Labor is proposing to abolish two different occupations lists and replace it with one skills list with a pathway to permanent residency if elected.
Federal Labor says the Coalition government’s Short-Term Skilled Occupation List (STSOL) and Medium and Long-Term Strategic Skills List (MLTSSL) will be abolished if it wins the upcoming federal elections.
The Shadow Minister for Immigration, Shayne Neumann MP, announced the move during an address to the Absolute Immigration Forum on March 19 in Sydney.
Today I addressed a forum hosted by @Absolute_Immi about Labor’s plans to ensure local workers are given the first shot at local jobs.
Our visa system must work as intended and with integrity; not be exploited.
“Labor will abolish the Government’s Short-Term Skilled Occupation List and Medium and Long-Term Strategic Skills List. If elected, a Labor Government will replace these lists with one Skills Shortage Occupations List with pathways to permanent residence,” Mr Neumann said in his address.
He said Labor will establish a new, independent, labour market testing body – the Australian Skills Authority.
“The Australian Skills Authority – or the ASA – will be responsible for determining genuine skills needs and restrict temporary work visas to only those areas of genuine need,” he said.
Shadow Minister for Immigration Shayne Neumann
“There are almost 1.6 million temporary visa holders with work rights in Australia, with too many employers turning to temporary work visas in an attempt to undercut local jobs, wages and conditions.
“This needs to change and business needs to fix its focus to local workers.
“Labor is committed to reforming the temporary skilled visa system to improve fairness and equity, so we can level the playing field for Australian workers,” he said.
“Any changes will impact skilled Indian migrants”
Indian migrants have emerged as the biggest source of migrants to Australia in recent years.
The latest figures by the Australian Bureau of Statistics (ABS) figures reveal 20 per cent of those on temporary skilled work visas in 2016 were born in India and 20 per cent of total migrants in 2016-17 came from India.
Any changes to the migration program will impact Indian skilled migrants, registered migration agent Rohit Mohan says.
“Abolishing two different occupations list and replacing it with one occupations list with a pathway to permanent residency is an important announcement and is bound to affect Indian migrants,” Mr Mohan told SBS Hindi.
“Right now, Australia is one of the most sought-after countries for Indians wishing to migrate abroad because of its quality of life and social security.
“But whether a new single occupation list will benefit Indian migrants will depend on how exhaustive the list is. Right now, we have different lists and not everyone is eligible for permanent residency.
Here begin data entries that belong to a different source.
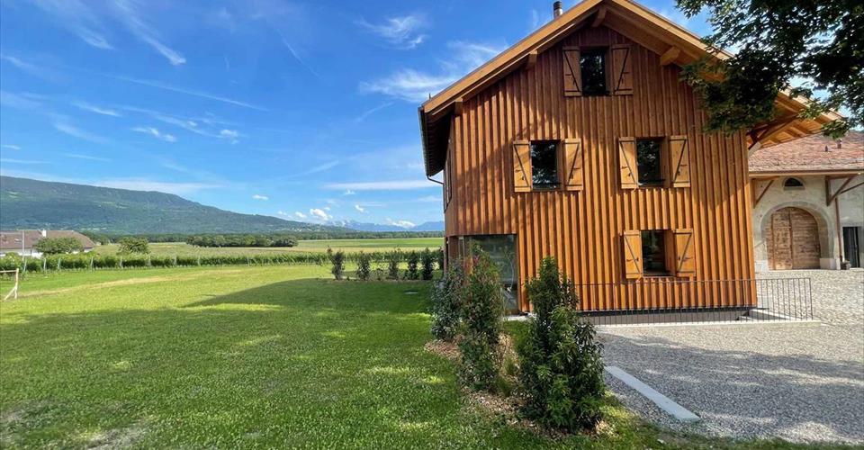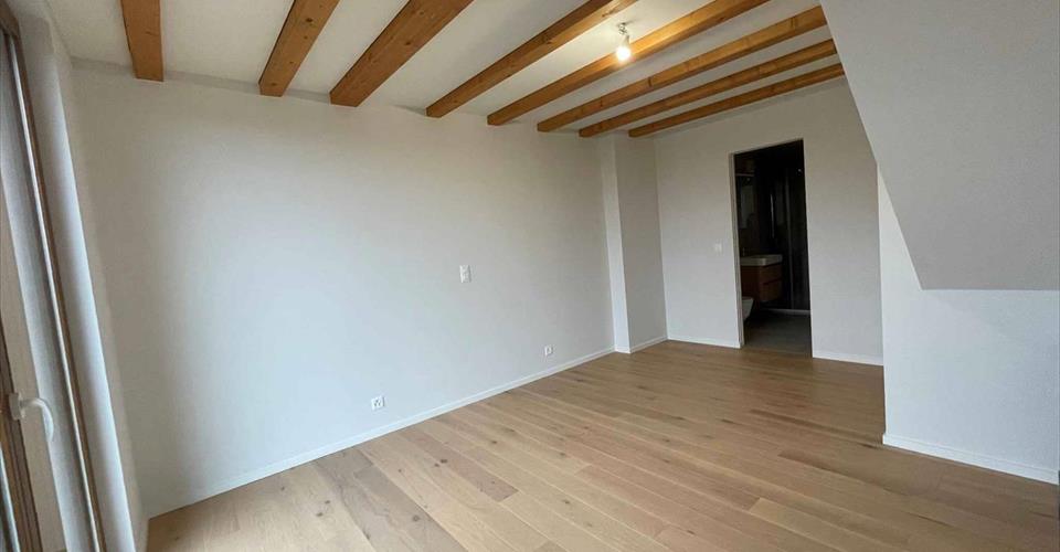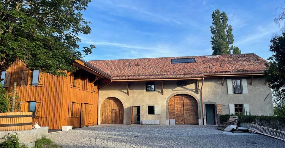Coup de coeur ! Situé sur la commune de Jussy, au calme de la campagne Genevoise, grand corps de ferme du XIII siècle et sa grange accueillant 4 logements triplex aux prestations de qualité. La bâtisse est classée et inscrite à l’inventaire des immeubles dignes d’être protégés. Ainsi, l’architecte et la CMNS ont apporté un soin particulier à la conservation des murs et poutres historiques constituant la ferme. Descriptif du logement “La Grange” (12D) situé en pignon d’environ 134m² : Rez-de-chaussée : Hall d’entrée avec armoires, cuisine ouverte entièrement équipée sur un séjour avec poêle à bois et son accès jardin, une chambre avec accès jardin et sa salle de douche attenante avec toilettes et espace buanderie (appareils non fournis). 1er étage : 3 chambres dont 2 avec armoire, une salle de douche avec toilettes, une salle de bains avec toilettes attenante à l’une des chambres. Combles : Magnifique suite parentale d’environ 15m² avec salle de bains ouverte et toilettes séparés. Agréable vue sur les vignes et la campagne environnante. Depuis l’extérieur, vous accédez à une cave située au sous-sol de l’immeuble d’environ 9m². Grand jardin privatif (non clôturé) d’environ 600m² dont l’entretien est à la charge du locataire. 2 places de parking extérieur : Frs. 100.– / place / mois Acompte mensuel de charges (chauffage / eau chaude/Frais accessoires) : Frs. 300.– L’immeuble est équipé d’une pompe à chaleur et de panneaux solaires répondant aux normes HPE (Haute Performance Energétique). Chauffage au sol, triple vitrage, parquet en chêne. Transports en commun TPG (Arrêt à 100m environ) via les lignes 32, 37 et 39. Navette disponible pour l’école Moser depuis Jussy Renseignement & Visites : Viensavanh OUDOMRACK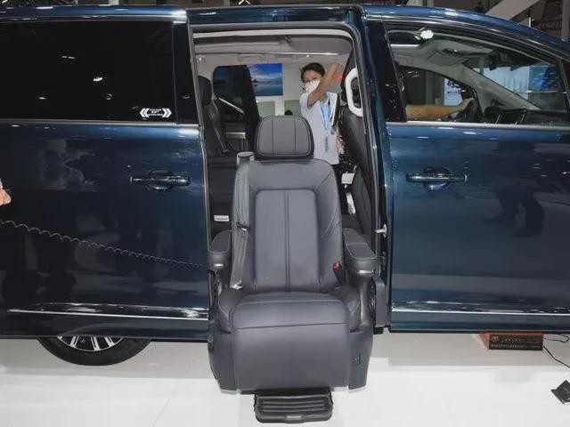 首先是大师系列新增的福祉版,售价为27.98-29.98万元。这两款车的重点在于第二排座椅的独立设计,副驾驶后方的座椅可以通过电动机械机构探出车外并下降至地面,方便乘客上车。这样的无障碍设计主要是为老人或行动不便人士准备的,如果是商用的话这种配置可以备不时之需,家用则可以方便地带老人出行。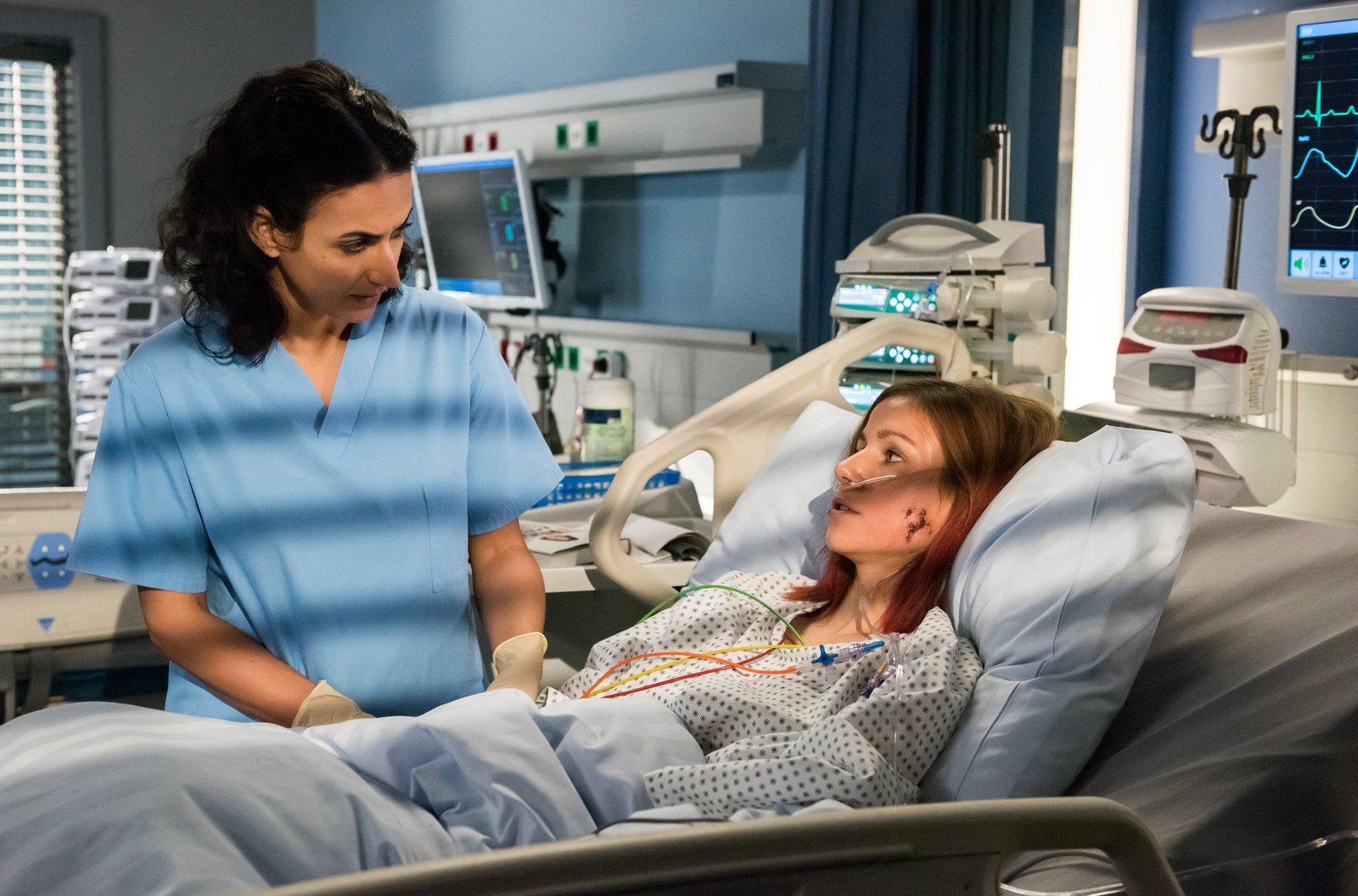AuswegARD IN ALLER FREUNDSCHAFT - DIE JUNGEN ÄRZTE FOLGE 242, "Ausweg", am Donnerstag (07.01.21) um 18:50 Uhr im ERSTEN. Julia Berger (Mirka Pigulla, r.) kümmert sich um die schwangere Janina May (Xenia Tiling, l.). © ARD/Jens Ulrich Koch, honorarfrei - Verwendung gemäß der AGB im engen inhaltlichen, redaktionellen Zusammenhang mit genannter ARD-Sendung bei Nennung "Bild: ARD/Jens Ulrich Koch" (S2+). ARD-Programmdirektion/Bildredaktion, Tel: 089/5900-23534, bildredaktion@DasErste.deBild: © ARD/Jens Ulrich Koch / ARD-Programmdirektion
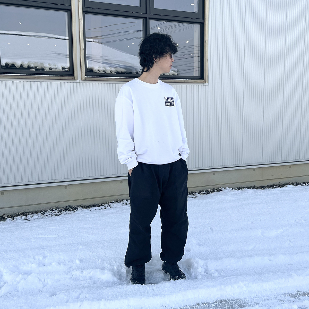 白スウェットでよく耳にするのは汚れが問題。でも皆さん白TEEは着ますよね?確かにスウェットの方が袖の分があるから汚れが付く面積が大きいですが、ぶっちゃけあまり大差ないと僕は感じます。白は漂白剤が使えるので、汚れてしまったら衣類漂白剤使えば大体の汚れは落ちます。頑固なやつはキッチンハイターでいきましょう。着用してるAC SWEATは僕の私物で、早速抹茶ラテのシミをつけてしまったので帰ったら洗濯ですね。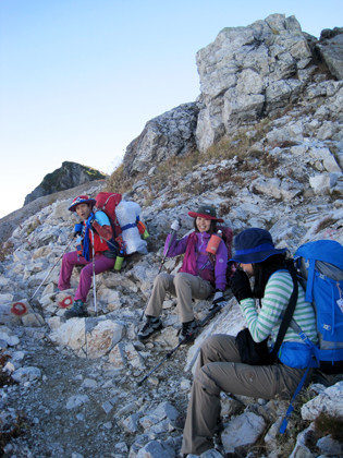 おかちゃん班 → 小蓮華に向かう途中で睡魔に襲われ、道の途中で昼寝、5時に宿舎到着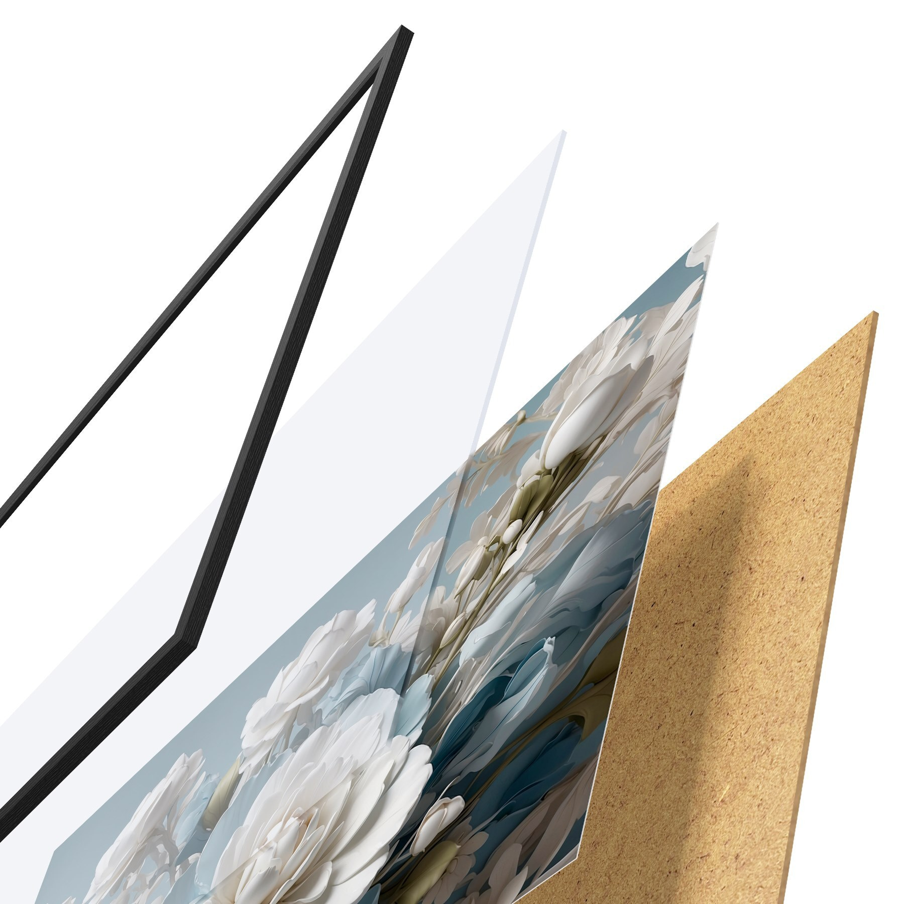 Das Poster besteht aus einem Rahmen, Plexiglas, einem gedruckten Bild und einer Rückwand aus Spanplatten. Dank der Halterungen auf der Rückseite kann das Poster sofort an die Wand gehängt werden.

“If the proposed new list brings provides those on Short Term list with permanent residency option, it will definitely benefit. But if the eligible occupations are reduced, it may have an adverse effect” Mr Mohan says.
“Abolishing 457 visa has benefitted Australia”
The Coalition government replaced the 457 work visa with a new Temporary Skill Shortage (TSS) visa the new Subclass 482 visa in March 2018.
Immigration Minister David Coleman
Minister for Immigration, Citizenship and Multicultural Affairs David Coleman has said Australians have benefited from visa changes which have made it harder to bring skilled migrants to Australia on temporary work visas.
The new Temporary Skill Shortage or the 482 Visa is available in two streams – a short term (2-year visa) and medium term (4-year visa with a pathway to permanent residency) and it requires mandatory work experience besides tightened English language requirements for the longer duration visa.
The short-term stream of the visa does not provide a pathway to permanent residency and can be renewed only once.
Applicants are also required to obtain a positive skill assessment before they can apply for the visa.
In five years, the number of overseas workers almost halved from 130,000 in 2013 to 70,000 in 2017.
The minister attributed the growth in new jobs to the government’s visa reforms.
“More than one million new jobs have been created since the Coalition was elected five years ago and our reforms to close loopholes in the visa system have played an important part,” Minister Coleman said last year.